**DATA FOR ANALYSIS**
--- START ---

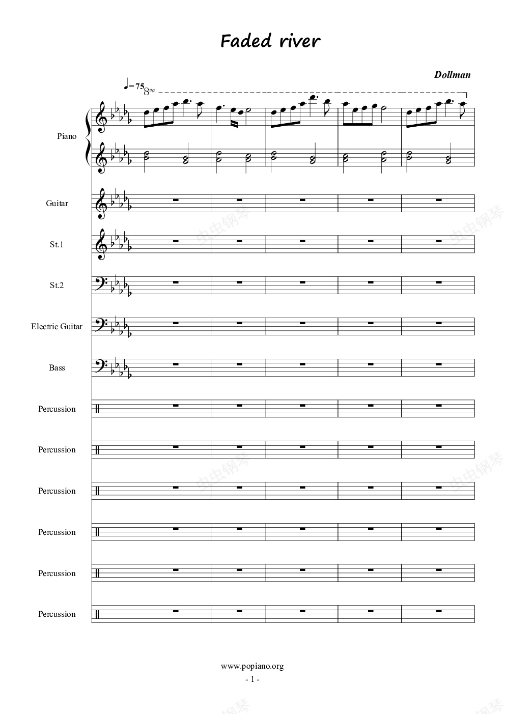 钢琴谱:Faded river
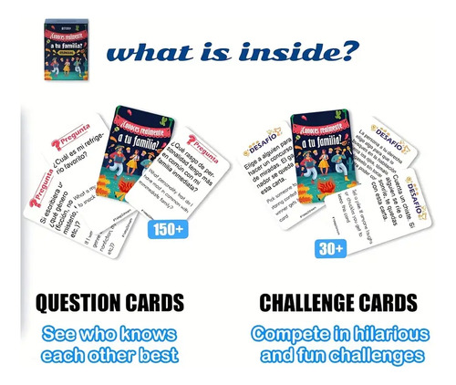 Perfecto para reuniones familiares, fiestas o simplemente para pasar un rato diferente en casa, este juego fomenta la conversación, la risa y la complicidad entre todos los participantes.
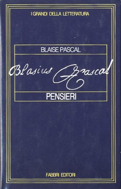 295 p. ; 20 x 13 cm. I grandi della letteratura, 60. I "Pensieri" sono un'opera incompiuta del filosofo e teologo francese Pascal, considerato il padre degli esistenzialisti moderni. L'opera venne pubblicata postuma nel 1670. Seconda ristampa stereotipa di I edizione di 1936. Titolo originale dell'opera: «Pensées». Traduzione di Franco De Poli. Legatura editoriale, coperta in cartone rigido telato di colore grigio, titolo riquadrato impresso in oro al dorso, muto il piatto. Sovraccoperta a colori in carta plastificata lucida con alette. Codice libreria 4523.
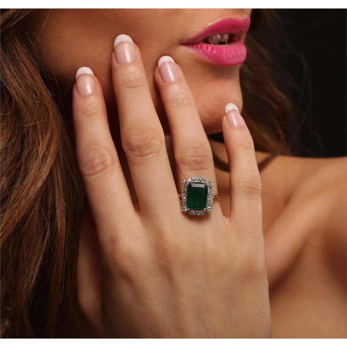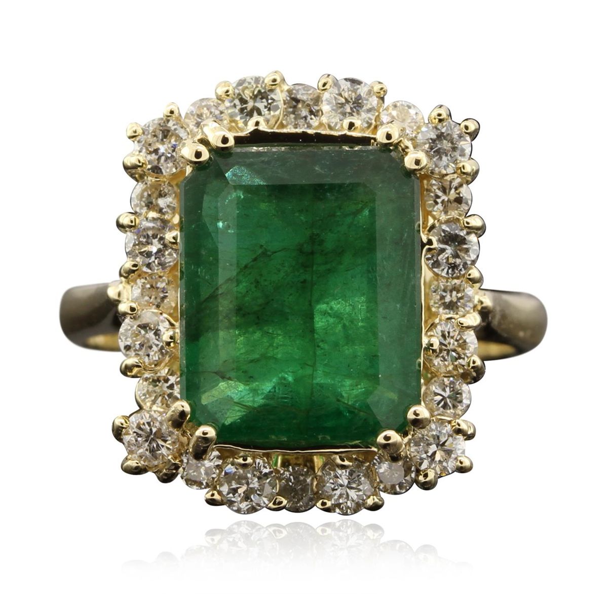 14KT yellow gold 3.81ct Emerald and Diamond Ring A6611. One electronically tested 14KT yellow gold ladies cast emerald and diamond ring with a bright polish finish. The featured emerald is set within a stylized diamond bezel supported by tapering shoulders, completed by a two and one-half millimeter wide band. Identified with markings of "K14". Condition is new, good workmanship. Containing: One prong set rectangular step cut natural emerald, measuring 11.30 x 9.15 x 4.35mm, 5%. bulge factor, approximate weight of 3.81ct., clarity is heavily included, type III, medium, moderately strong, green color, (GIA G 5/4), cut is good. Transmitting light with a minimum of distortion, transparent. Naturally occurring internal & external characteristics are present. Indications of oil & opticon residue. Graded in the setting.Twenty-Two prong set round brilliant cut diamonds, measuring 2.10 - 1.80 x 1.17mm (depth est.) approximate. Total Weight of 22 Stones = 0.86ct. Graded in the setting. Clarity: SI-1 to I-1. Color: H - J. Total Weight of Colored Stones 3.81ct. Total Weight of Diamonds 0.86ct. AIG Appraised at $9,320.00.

--- END ---
--- START ---

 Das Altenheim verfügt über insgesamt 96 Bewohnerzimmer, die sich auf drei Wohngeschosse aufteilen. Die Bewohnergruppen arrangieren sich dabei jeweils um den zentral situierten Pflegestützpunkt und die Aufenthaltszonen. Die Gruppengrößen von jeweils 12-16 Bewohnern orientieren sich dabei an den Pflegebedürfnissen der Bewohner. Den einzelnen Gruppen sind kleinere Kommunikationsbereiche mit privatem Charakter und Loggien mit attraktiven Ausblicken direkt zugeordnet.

--- END ---

**EXERCISE PROMPT**
Output exactly the lines above, from the line with "钢琴谱:Faded river" to the line with "295 p. ; 20", both included; skip the pictures.

**ANSWER TO THIS PROBLEM**
 钢琴谱:Faded river
 Perfecto para reuniones familiares, fiestas o simplemente para pasar un rato diferente en casa, este juego fomenta la conversación, la risa y la complicidad entre todos los participantes.
 295 p. ; 20 x 13 cm. I grandi della letteratura, 60. I "Pensieri" sono un'opera incompiuta del filosofo e teologo francese Pascal, considerato il padre degli esistenzialisti moderni. L'opera venne pubblicata postuma nel 1670. Seconda ristampa stereotipa di I edizione di 1936. Titolo originale dell'opera: «Pensées». Traduzione di Franco De Poli. Legatura editoriale, coperta in cartone rigido telato di colore grigio, titolo riquadrato impresso in oro al dorso, muto il piatto. Sovraccoperta a colori in carta plastificata lucida con alette. Codice libreria 4523.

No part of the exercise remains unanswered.